Two substation fires that occurred earlier this year revealed weaknesses in utilities’ incident response procedures and command structures.
Donnie Bielak, PJM’s manager of reliability engineering, presented a Feb. 28 “Lessons Learned” report by NERC to stakeholders Tuesday. The report did not disclose the location of the incidents.
In the first case, an arc flash on a closed 12-kV feeder circuit breaker cabinet in an enclosed substation sparked a fire. Four technicians at the scene heard the explosion, evacuated and called 911 after determining the third-party alarming system had not yet contacted emergency authorities.
Bielak said it was unclear which of the technicians should have served as incident commander, hampering effective communications with firefighters. A dead secondary battery for the substation card reader also forced first responders to break into the facility, despite existing rules that no one enter the facility without an escort.
In the second incident, a 230-kV transformer high-side bushing failed in an outdoor substation. Bielak said responding utility and fire department personnel arrived without the proper equipment for transformer fire suppression.
Corrective actions for utilities include:
- Implement policy that the first person to discover a fire must report it via 911 regardless of any central station monitoring that may be present.
- Perform a review of the effectiveness of the fire entry procedure for indoor substations and update it as appropriate along with the applicable training.
- Expand the fire entry procedure to include situations in which qualified personnel could already be present at the site. This procedure should identify who is the incident commander, who must call for the fire department, and what assistance, if any, do company personnel provide the fire department.
- Review fire entry requirements with the fire department to clarify the requirement that utility personnel should not enter the building prior to the fire department declaring the building safe.
- Coordinate with the fire department to establish the practice of immediately mobilizing a foam unit in the case of substation and switchgear fires, whether indoor or outdoor.
- Ensure expectations from the fire department are understood and documented on what assistance company personnel are supposed to do.
- Ensure additional equipment inside the substation is maintained.
- Ensure fire alarms at all substations work on the operator human machine interface (HMI) screen and are audible.
Drones Deployed to Save Money, Time
Bielak said drone usage is growing across the RTO as companies use the devices in place of helicopters to survey major storm damage, identify line repairs and inspect power plants, wind farms and gas pipelines, among other uses.

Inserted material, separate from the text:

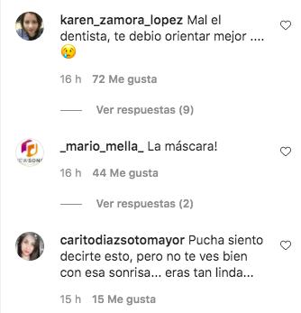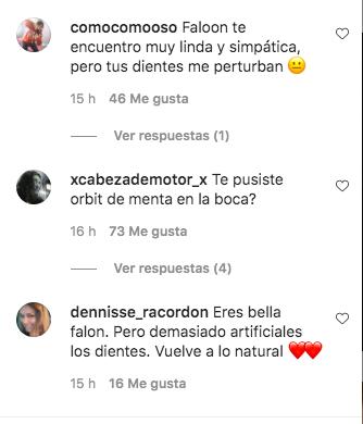 "Mal el dentista, te debio orientar mejor", "Pucha siento decirte esto, pero no te ves bien con esa sonrisa... eras tan linda", "Faloon te encuentro muy linda y simpática, pero tus dientes me perturban", "Eres bella falon. Pero demasiado artificiales los dientes. Vuelve a lo natural", "Pepe cortisona?", son algunos de los mensajes que recibió.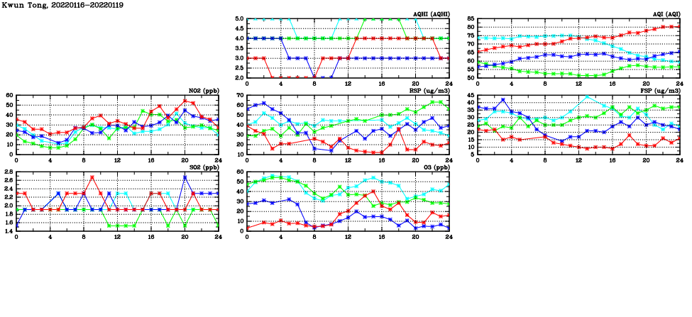 | Air Quality Data Time Series in Kwun Tong (2022/01/19) | ( Line colors: Day -3 Day -2 Day -1 Current day ) | 2D Map Current AQHI |

The drones save time and money, Bielak said, and have provided essential support during storm recovery. In the aftermath of Hurricane Maria, a drone was used to string lines between structures on either side of uncrossable terrain in Puerto Rico.
The technology has its limitations, however. Short flying times of 20 to 45 minutes prevents long-distance transmission line inspections and government regulations complicate where drones can fly safely.
Spring Restoration Drill Invites Sent
PJM’s Alpa Jani told the committee that invitations for the 2019 spring restoration drill went out April 3.
System restoration coordinators and transmission and generator operators with nuclear units, black start units and units with a hot start-up time of four hours or less received an email mandating participation in the systemwide drill on May 21 and 22. Recipients must complete the exercise in compliance with NERC standards.
Coordinators schedule the exercise twice a year and participation is required once every two years.
Manual First Reads
While there were no endorsements scheduled for Tuesday’s meeting, members heard first reads of several manual revisions, including:
- Manual 1: Periodic cover-to-cover review to update terminology and guidelines for control center and data exchange requirements.
- Manual 3: Biannual review to update transmission operating procedures.
- Manual 10: Clarifies existing language for prescheduling operations.
- Manuals 11, 13 and 28: Clarifies the impact of operationalizing gas contingencies on reserve requirements and reserve market eligibility.
- Manual 13: Periodic cover-to-cover review and changes to align with new Markets Gateway functionality for resource-limitation reporting to be implemented June 1.
- Manual 36: Annual update requirement.